━━━━━ PROVIDED RECORDS

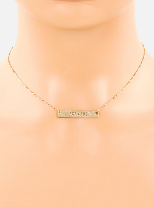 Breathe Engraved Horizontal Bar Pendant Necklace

━━━━━━━━━━
━━━━━ PROVIDED RECORDS

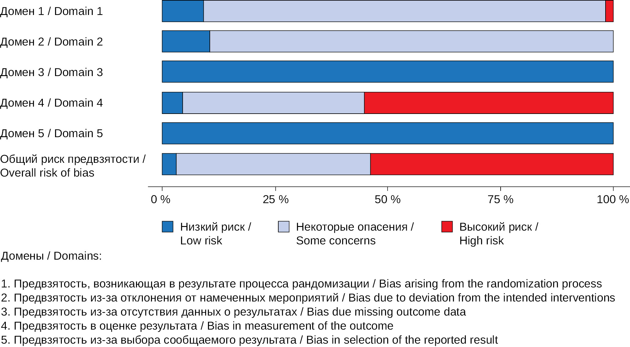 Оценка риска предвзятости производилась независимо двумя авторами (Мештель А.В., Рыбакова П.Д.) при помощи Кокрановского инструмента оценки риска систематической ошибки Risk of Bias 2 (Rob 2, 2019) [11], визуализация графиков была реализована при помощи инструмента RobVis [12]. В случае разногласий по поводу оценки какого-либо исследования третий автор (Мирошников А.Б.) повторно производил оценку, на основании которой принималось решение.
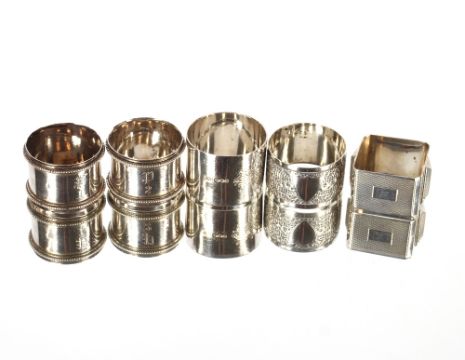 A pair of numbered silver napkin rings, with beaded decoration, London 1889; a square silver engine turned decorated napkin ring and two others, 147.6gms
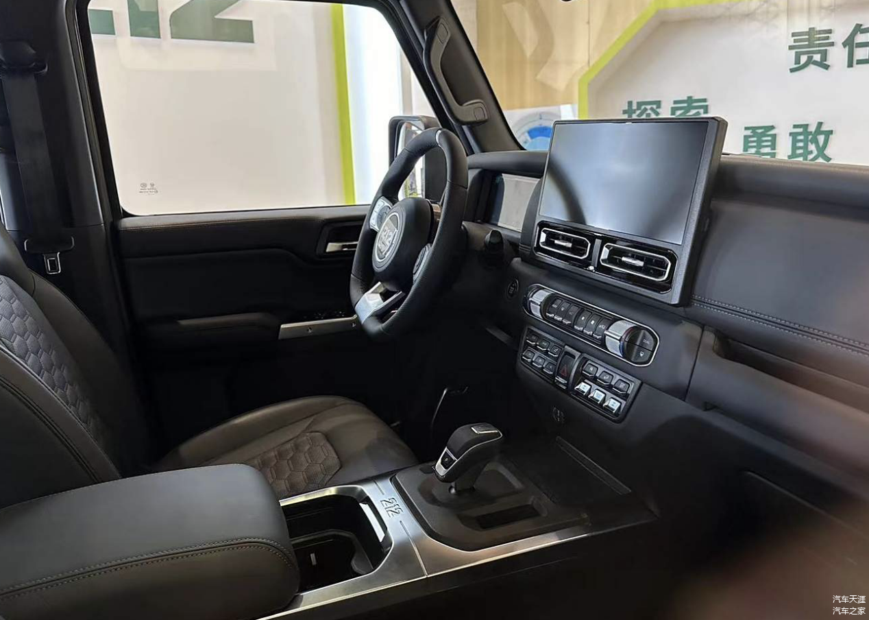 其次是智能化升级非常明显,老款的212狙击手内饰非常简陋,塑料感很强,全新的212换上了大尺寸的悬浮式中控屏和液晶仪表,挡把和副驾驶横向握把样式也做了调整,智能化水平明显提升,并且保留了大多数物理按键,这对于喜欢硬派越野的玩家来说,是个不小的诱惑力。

━━━━━━━━━━

• [YOUR OBJECTIVE] Leave the pictures out. Output, exactly, the lines of the material above starting at the line containing "A pair of numbered" and ending at the line containing "其次是智能化升级非常明显,老".

• [ANSWER TO THIS TASK]
 A pair of numbered silver napkin rings, with beaded decoration, London 1889; a square silver engine turned decorated napkin ring and two others, 147.6gms
 其次是智能化升级非常明显,老款的212狙击手内饰非常简陋,塑料感很强,全新的212换上了大尺寸的悬浮式中控屏和液晶仪表,挡把和副驾驶横向握把样式也做了调整,智能化水平明显提升,并且保留了大多数物理按键,这对于喜欢硬派越野的玩家来说,是个不小的诱惑力。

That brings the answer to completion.